Breaking the Test Case Addiction (Part 9)

Saturday, February 15th, 2020

Last time, Frieda and I had been looking at visualizations of time spent on various testing activities, include work that foster test coverage of the product (T time), bug investigation and reporting (B time) and setup work to get ready to test, or tidying up afterwards (S time).

“So…,” Frieda mused, “I could track T-time, and B-time, and S-time. But I’d be a little worried about watching the clock all the time, instead of concentrating on my testing. It’d be like micro-managing myself.”

“That is worth worrying about,” I replied. “The last thing we want to be is obsessive-compulsive clock watchers. So here’s a secret: to some degree, we misrepresent our accounting of session time.”
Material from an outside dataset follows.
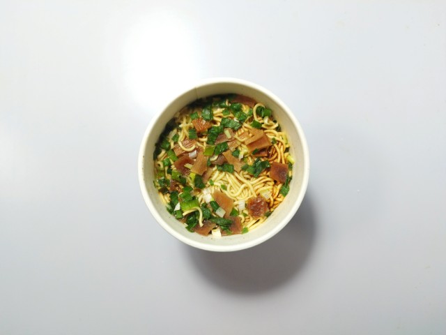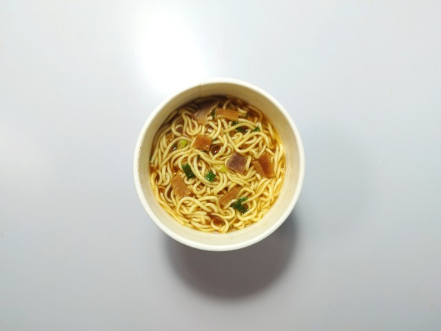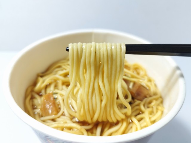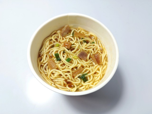 来来亭監修の背脂しょうゆラーメンです。以前の購入が2024年12月27日だったので、1年以上経っていますが、価格が258円(税込278円)から267円(税込288円)へと変わっています。ほぼ通年販売の商品なので、店頭で見かけたり、食べた事がある方も多いと思います。今回、新商品ではありますが、正確にはリニューアルというのが正しいのかもしれません。そんな背脂しょうゆラーメンですが、スープは豚の旨味と醤油の味わい、にんにくの風味があって、美味しいのひと言です。麺は細めのストレート麺で、小麦の風味と歯切れの良さがあって、背脂醤油スープとの相性抜群です。具材には焼豚やメンマ、ねぎが入っていて、それぞれの味や食感を楽しめます。内容量は1食分にちょうどよく、お腹も満たされます。ぜひ背脂しょうゆラーメンを食べてみてください。

“Oh, great,” said Frieda. “I thought this whole discussion has been about establishing trust.”

“It is. But it’s also about accounting for what we do in a way that everybody can make sense of what’s happening. And although we care about accuracy, precision isn’t too big a deal. In session-based test management, we’re trying to account for the effort that we’ve put in, but we’re also trying to make things easy enough for our clients to comprehend. So we don’t watch the clock all the time. A reasonable estimate of how much time we spent on T, B, and S is good enough. Precision to the nearest five or ten per cent will do. We’re not lying, but we are simplifying; smoothing out the details so they don’t get overwhelmed or obsessed or fooled by the numbers. Remember, the point of all this isn’t score-keeping. It’s to prompt us to ask questions. Mostly: are we okay with how we’re spending time?”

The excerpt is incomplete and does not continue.